In the common parlance of phytoplankton ecologists the term “trait” appeared only in the recent years, but in fact, the use of traits was always present in the phytoplankton studies. When relative abundance of heterocytic blue-greens, flagellated or vacuolated algae were contrasted with that of the other groups, performance of traits were compared. This however is not evident because in several cases taxonomic groups are compared in the studies, however, these groups might represent traits or trait combinations. Litchman and Klausmeier (2008) provided a conceptual framework that illustrates the nexus between various types of algal traits and their ecological function. This study was a great step towards the trait-based approaches. However in phytoplankton ecology, approaches, that are based on functional groups (FGs) had considerable attention in the recent years. In Reynolds’s system (Reynolds et al. 2002) the emphasis has been put on the habitat requirements of the taxa, thus species with different morphological properties could be assigned to the functional groups. In other proposals (Salmaso and Padisák 2007; Kruk et al. 2010) the groups were created by combination of morphological and physiological traits. Despite creation of the groups was different all three approaches were used successfully both in theoretical and practical studies. Partly this is the reason why the “classical” trait-based approaches received less attention in phytoplankton ecological studies.

The recent development in plant and animal community ecology was largely due to the widespread use of trait-based approaches, therefore the organizers would like to ask the potential participants to focus on these approaches, and to place their results in functional context. The aim of the 19th IAP meeting will be to enhance the communication among experts of each functional approach, and provide an elementary basis for combining the “group” and “trait” approaches for the development of phytoplankton ecology.

The organizers ask potential participants to focus primarily (i) on the “trait-based” functional approach in general, and (ii) on the combination of different functional approaches, especially of the functional group and the trait-based concepts. To avoid ambiguous definitions that are frequently found in the literature we listed some that might help the orientation of the participants.

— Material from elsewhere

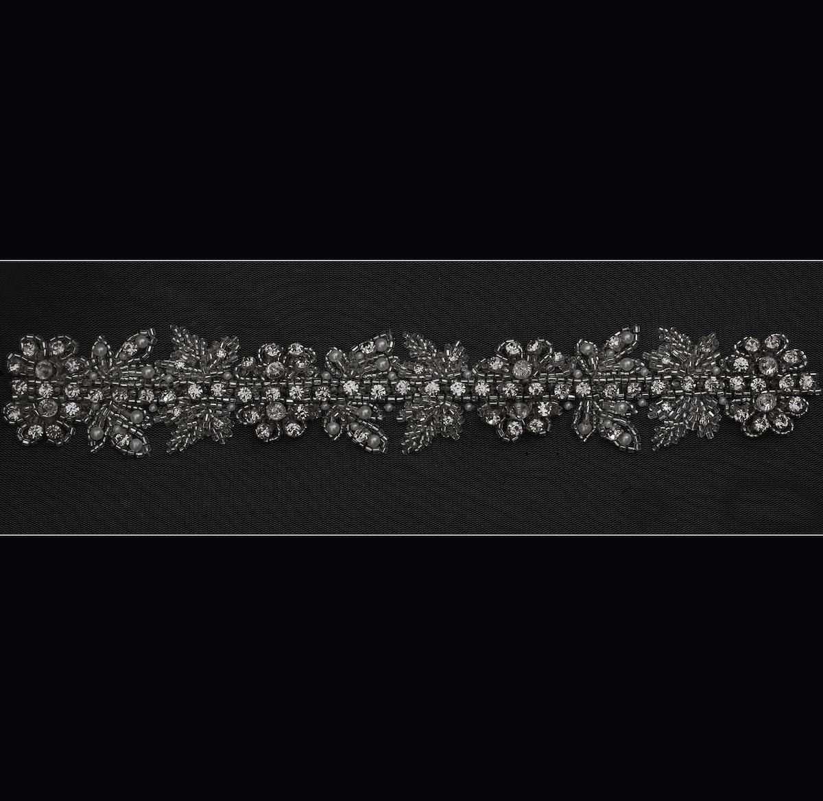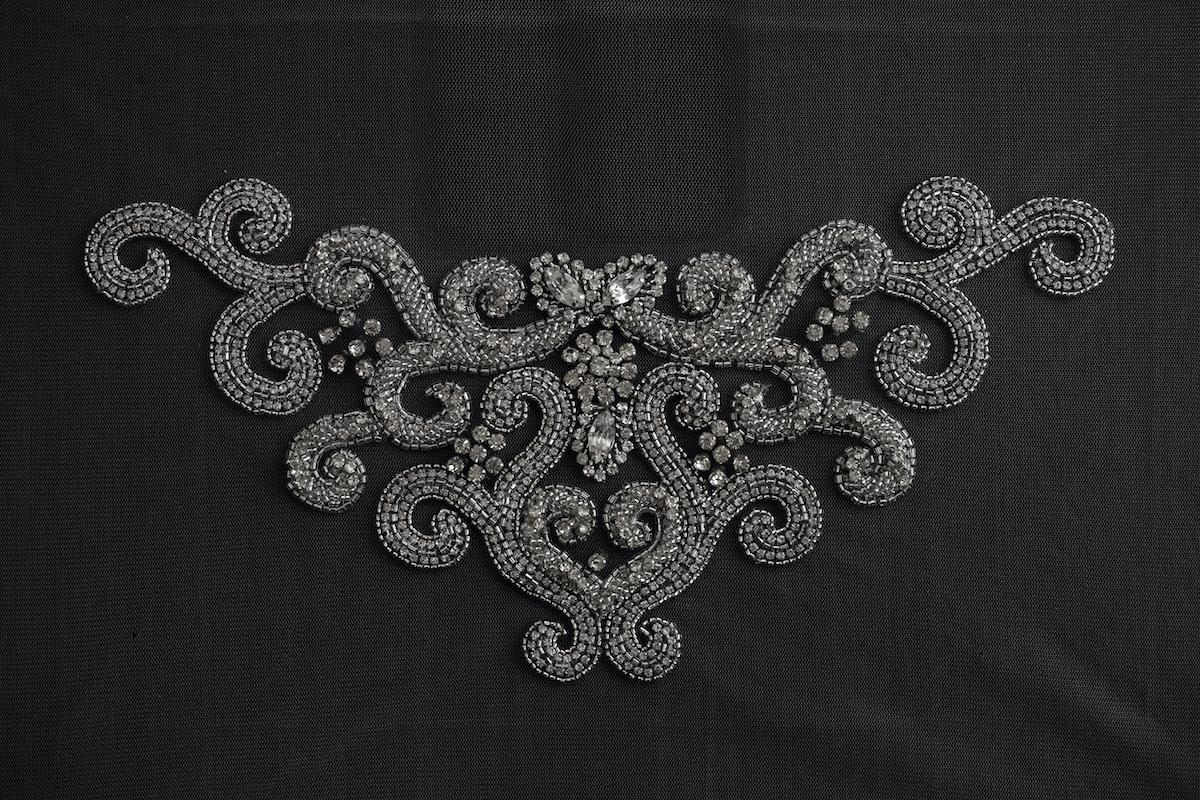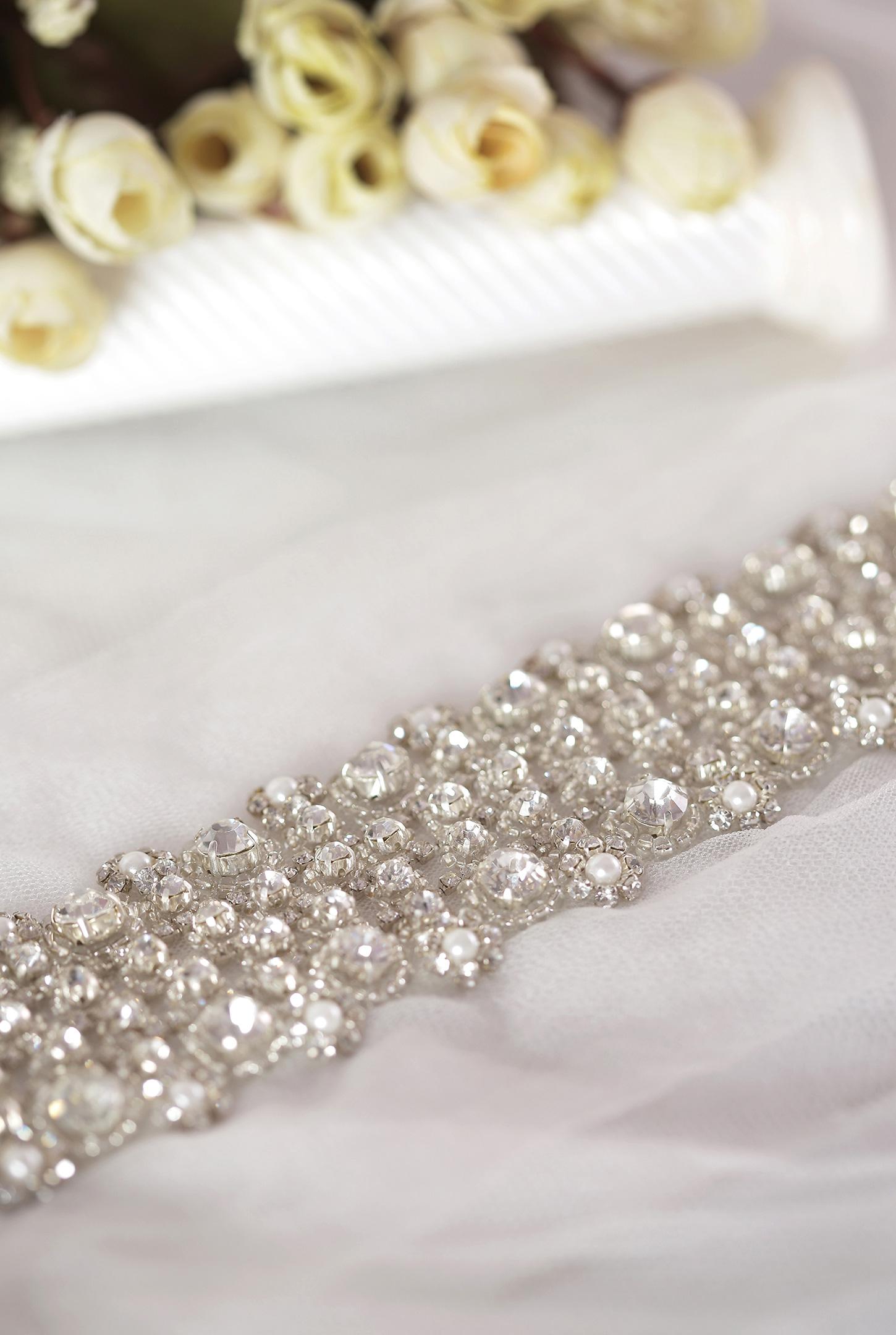 4. Embellishments, beading, crystals, trims like rhinestone and sequin beaded bridal trim,
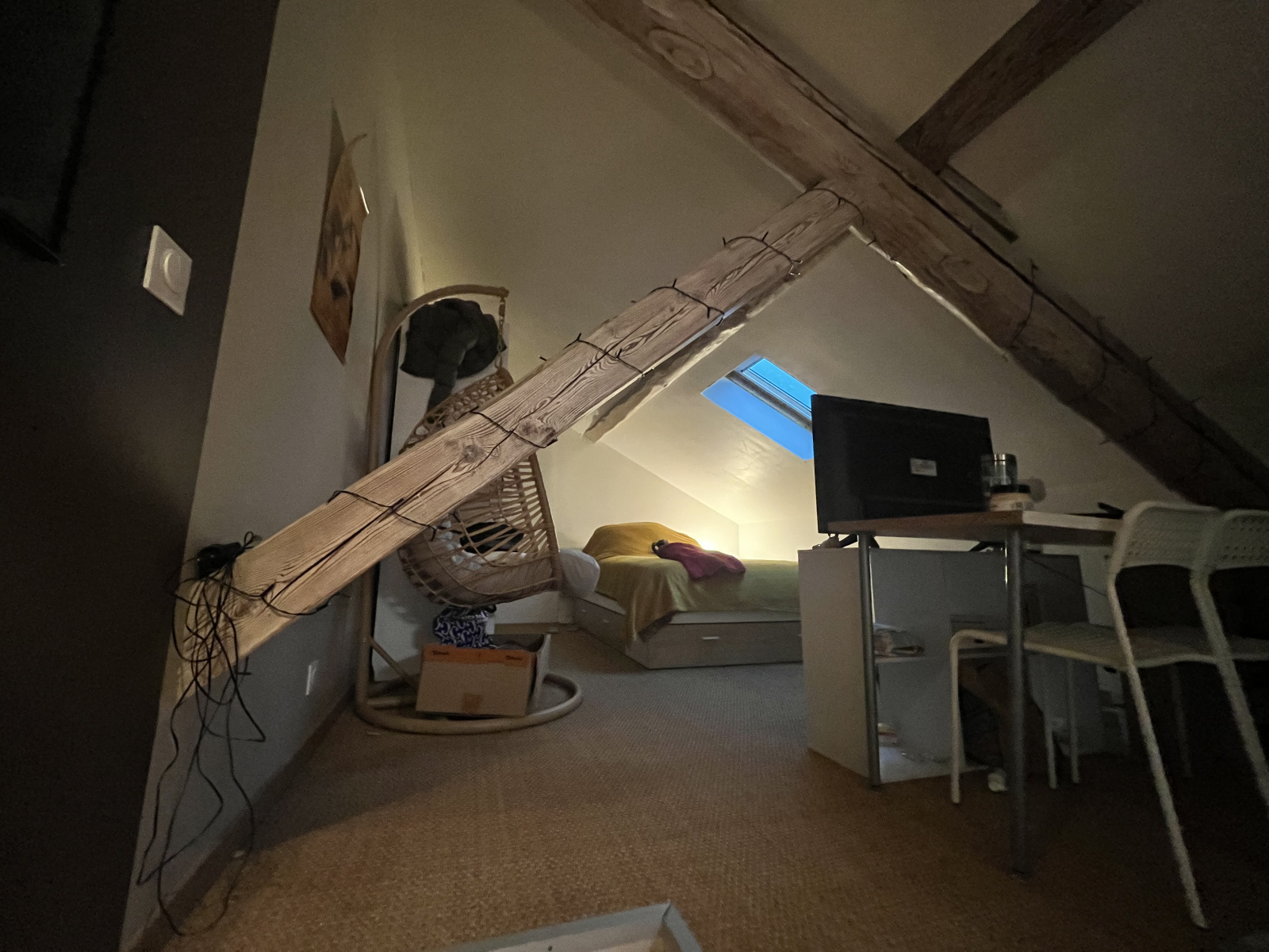 - Chambre : Une magnifique chambre mansardée avec poutres apparentes, pour une ambiance cosy et chaleureuse.

  • Functional traits are defined as those components of an organism’s phenotype that determine its effect on ecosystem processes (Petchey and Gaston, 2006).
  • Functional traits are defined as the characteristics of an organism that determine its performance in response to the environment and/or its effects on ecosystem functioning (Bulleri et al., 2008).
  • Traits are defined here as species characters that are quantifiable. There are obviously a large number of potentially relevant traits for a given ecosystem process that are measured on a mixture of scales (binary, nominal, ordinal, and quantitative) (Ricotta and Moretti, 2011).
  • …, we suggest that traits be used at the level of the individual only, with the following definition: a trait is any morphological, physiological or phenological feature measurable at the individual level, from the cell to the whole-organism level, without reference to the environment or any other level of organization (Violle et al., 2007).


Although IAP meetings are considered as forums where phytoplankton ecologists share their new results and ideas with their colleagues, experts dealing with trait-based approaches in benthic algal assemblages are also welcome to join the symposium.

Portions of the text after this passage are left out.